Generated by GPT-5-mini| College of Healthcare Information Management Executives | |
|---|---|
| Name | College of Healthcare Information Management Executives |
| Abbreviation | CHIME |
| Formation | 1992 |
| Type | Professional association |
| Headquarters | Ann Arbor, Michigan |
| Region served | United States, International |
| Membership | Healthcare CIOs, CISOs, digital health leaders |
| Leader title | President & CEO |
College of Healthcare Information Management Executives
The College of Healthcare Information Management Executives is a professional association serving senior information and digital health leaders in hospitals and health systems.

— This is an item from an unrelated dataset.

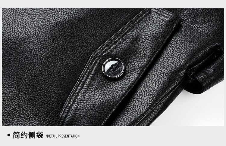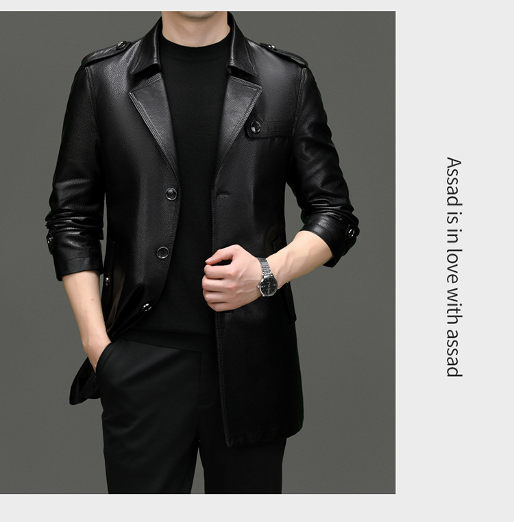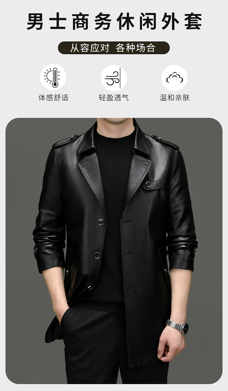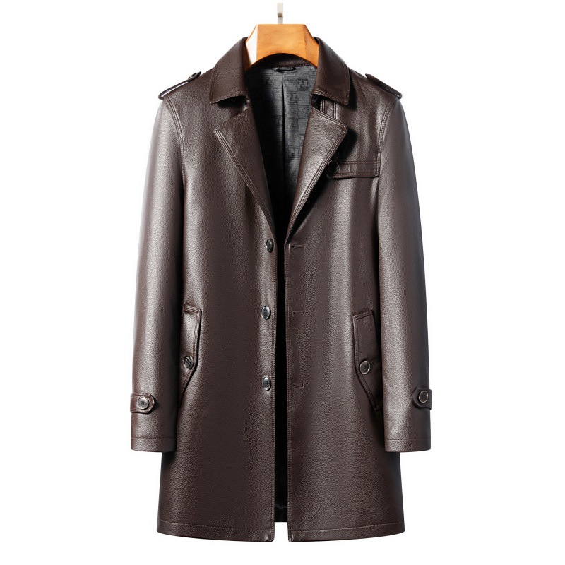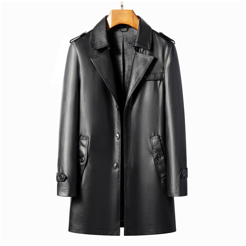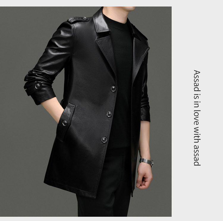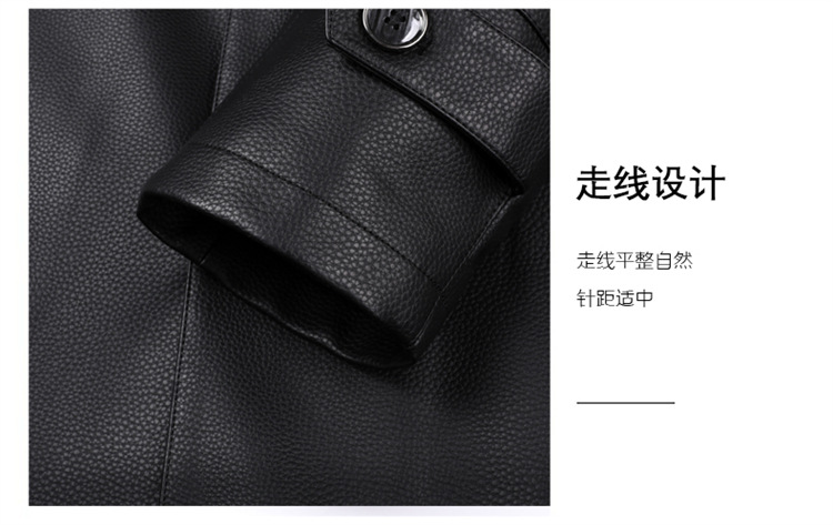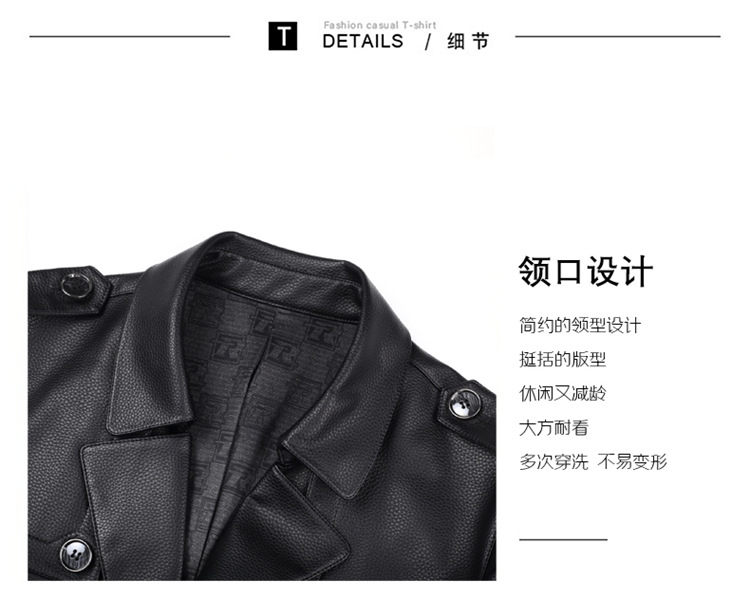 Haining 가죽 자켓 남성 중년 인조 가죽 중간 길이 정장 칼라 가죽 윈드 브레이커 비즈니스 캐주얼 가죽 자켓 아빠 자켓스토어 가기

Founded in the early 1990s, the organization connects chief information officers, chief digital officers, and chief information security officers with peers, vendors, and policymakers. It operates across North America and engages with international institutions, academic centers, technology vendors, and standards bodies to advance health IT leadership.
The organization emerged in the aftermath of rapid Health Level Seven International adoption and amid debates involving Centers for Medicare & Medicaid Services, Joint Commission, American Hospital Association, and executives from institutions such as Mayo Clinic, Cleveland Clinic, Johns Hopkins Hospital, Massachusetts General Hospital, and Kaiser Permanente. Early convenings included leaders from University of California, San Francisco, NewYork-Presbyterian Hospital, Brigham and Women's Hospital, Duke University Hospital, and Stanford Health Care, while interacting with vendors like Cerner, Epic Systems Corporation, Allscripts, McKesson Corporation, and Siemens Healthineers. Influential policy moments linked the organization to national initiatives led by Office of the National Coordinator for Health Information Technology, Department of Veterans Affairs, Centers for Disease Control and Prevention, and collaborations with American Medical Association, Health Information and Management Systems Society, and regional associations such as HIMSS chapters.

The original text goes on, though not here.